Brent oil price edged higher closer to $50 a barrel in early Thursday trading but the rally has been temporarily after Saudi Arabia sent signals it could boost its crude oil supplies in August to a new record.
At one point the price scaled the $50 a barrel mark but has now steadied at $49.95.
The Saudis are posturing for tough talks at next month’s meeting of the world’s leading oil producers and its sights are on bitter rival Iran which currently pumps 2.1million barrels daily plus another 600,000 barrels of condensate daily.
Traders said It’s “hard to say” whether OPEC will reach freeze deal with non-OPEC producers, said Qatar’s former energy minister Abdullah Bin Hamad Al Attiyah.
Analysts say another failed meeting would cause more damage than good.
According to Al Attiyah, “OPEC and non-OPEC should be very careful on holding a new meeting without proper consent and preparation”.
He added that the freeze deal wouldn’t have a huge impact on fundamentals but would boost market sentiment. He also said that the market was still oversupplied by ~1.2m bbl/day-1.5m bbl/day and may need until end-2017 to fully rebalance. Note that Al-Attiyah was OPEC president in 1999-2000 and 2003, and was Qatar’s minister of energy from 1992 to 2011.

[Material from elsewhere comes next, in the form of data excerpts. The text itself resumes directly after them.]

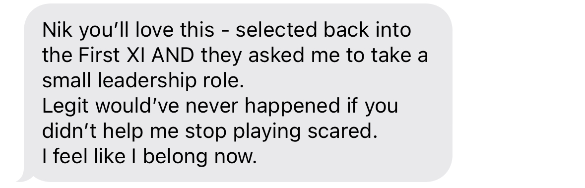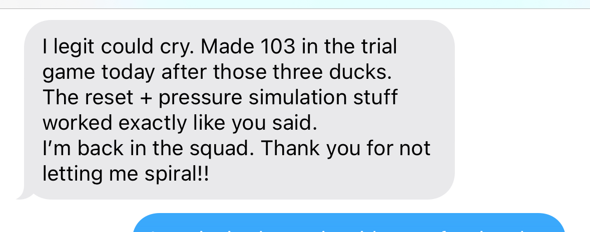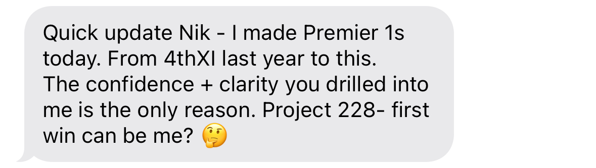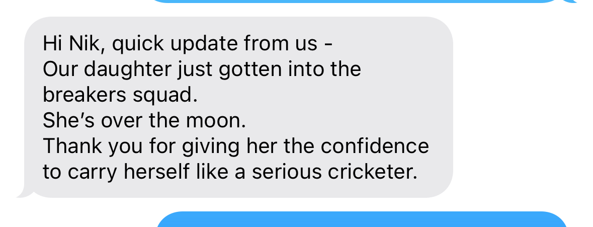 Cricketers I have worked with have trained their mental game inside Project228™ for 7+ years, and are now playing state, franchise or international cricket.
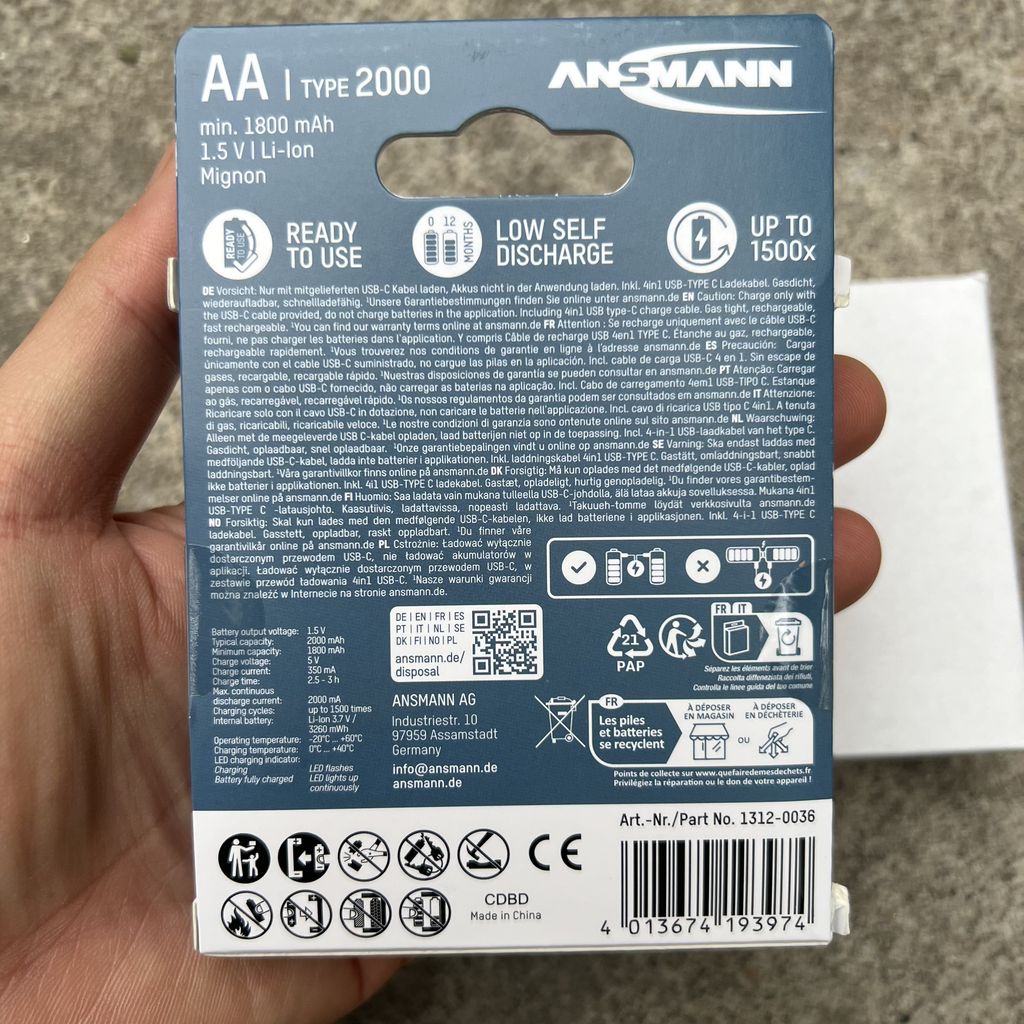 Pin sạc AA Li-Ion ANSMANN cực kỳ bền và có thể sạc lại tới 1200 lần, ngay cả trong điều kiện khắc nghiệt. Nhờ tỷ lệ tự xả rất thấp, pin giữ được năng lượng trong thời gian dài ngay cả khi không sử dụng. Ngoài ra, trọng lượng của cell Li-ion thấp hơn nhiều so với các công nghệ pin thông thường (ví dụ NiMH/PB) có cùng hiệu suất.
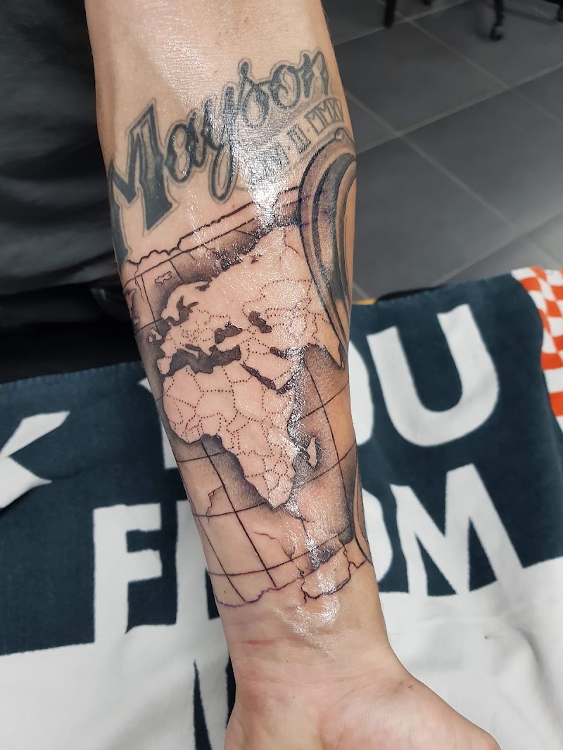 Wereldkaart met naam 'Mayson' en datum op onderarm.
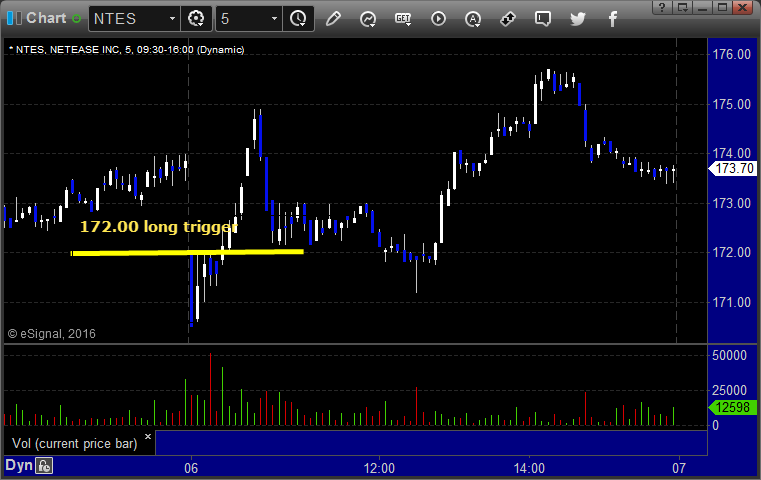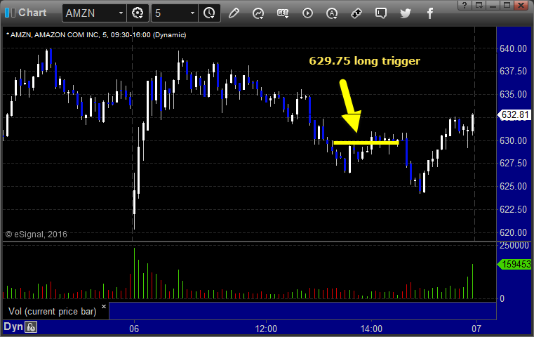 His AMZN triggered long (with market support) and worked enough for a partial:

In the meantime, data suggests that US crude oil production is holding up better than the government previously thought. The output estimate jumped by 152kbbl/day for last week, the biggest increase since May 2015, according to the EIA. Production didn’t actually increase by that amount but was modified to incorporate a “re-benchmarking” versus the agency’s Petroleum Supply Monthly, according to Jonathan Cogan, an EIA spokesman.